A Bad Ruling on Stop-and-Frisk

Resource type: News

The New York Times | [ View Original Source (opens in new window) ]

The United States Court of Appeals for the Second Circuit was unwise to put a stay on the necessary remedies Judge Shira Scheindlin of Federal District Court in Manhattan ordered in August in response to the civil rights violations of New York City’s stop-and-frisk policy.And it overreached in taking the extraordinary step of removing Judge Scheindlin from the long-running litigation.

The appeals panel said the judge improperly used the assignment process that led to her presiding over three stop-and-frisk cases. It also said that she created the “appearance of impropriety” by granting a series of press interviews while the case was pending before her. In one of the interviews cited in the appellate court order, Judge Scheindlin reasonably defended herself from what she described as “below-the-belt” attacks by the city, which sought to portray her as unfair to the New York Police Department.

The city, however, did not raise these issues in its motion for a stay of the remedial measures, which include an independent monitor who would oversee reforms of police training, discipline and other matters — while the case was on appeal. The appeals court went out of its way to take up issues that were not before it.

The court did not overturn the August ruling, in which Judge Scheindlin rightly found that the tactics underlying the stop-and-frisk program violated the rights of minority citizens. She castigated city officials for being “deliberately indifferent” to police practices that were racially discriminatory.

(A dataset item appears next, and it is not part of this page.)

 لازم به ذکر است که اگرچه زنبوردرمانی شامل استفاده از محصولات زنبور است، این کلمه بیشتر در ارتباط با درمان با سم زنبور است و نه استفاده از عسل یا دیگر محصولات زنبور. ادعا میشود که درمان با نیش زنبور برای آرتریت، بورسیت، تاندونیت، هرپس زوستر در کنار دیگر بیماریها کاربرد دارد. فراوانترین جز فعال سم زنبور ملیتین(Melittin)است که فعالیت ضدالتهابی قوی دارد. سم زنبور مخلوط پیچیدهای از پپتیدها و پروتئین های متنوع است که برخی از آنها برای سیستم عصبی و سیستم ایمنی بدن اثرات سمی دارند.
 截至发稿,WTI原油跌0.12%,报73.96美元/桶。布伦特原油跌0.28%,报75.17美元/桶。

The case turned on statistics showing that about 4.4 million people — mostly young black and Hispanic men — had been stopped between January 2004 and June 2012. About 12 percent led to arrests or summonses. But 88 percent of those cases resulted in no further action, meaning that those detained or frisked were not breaking the law. As Judge Scheindlin noted in her ruling, the population that was stopped was overwhelmingly innocent, not criminal — which undercut the city’s argument that it had justification for focusing on minority citizens.

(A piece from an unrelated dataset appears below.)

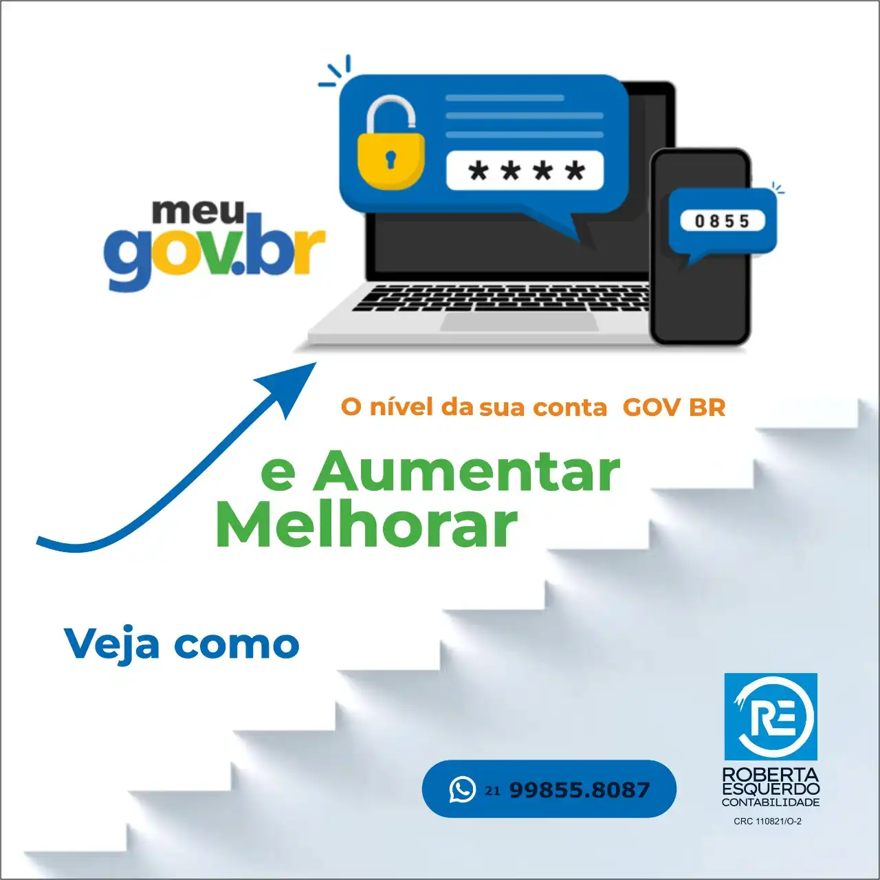 Propaganda Post Nível da Conta GOV Br Tipo: Propaganda para Rede SocialCliente: Roberta Esquerdo ContabilidadeTema: Conta gov brCores: Azul, verde e brancoMensagem: O nível da sua conta GOV BR veja como aumentar e melhorar.

Judge Scheindlin did not strike down the program, which, when properly used, is an important crime-fighting tool. But she sensibly ordered the city to use it in a manner that does not discriminate against minorities and that complied with constitutional protections against unreasonable search and seizure. Under the Fourth Amendment, police officers can legally detain people on the street when there is a reasonable suspicion that the person is committing, has committed or is about to commit a crime. In addition to violating people’s rights, the program, as practiced for years in New York, undermined trust in the Police Department in black and Hispanic communities throughout the city.

Given all the damage done by this program, the next mayor should end this saga by withdrawing the city’s appeal and instituting the cogent reforms laid out by Judge Scheindlin.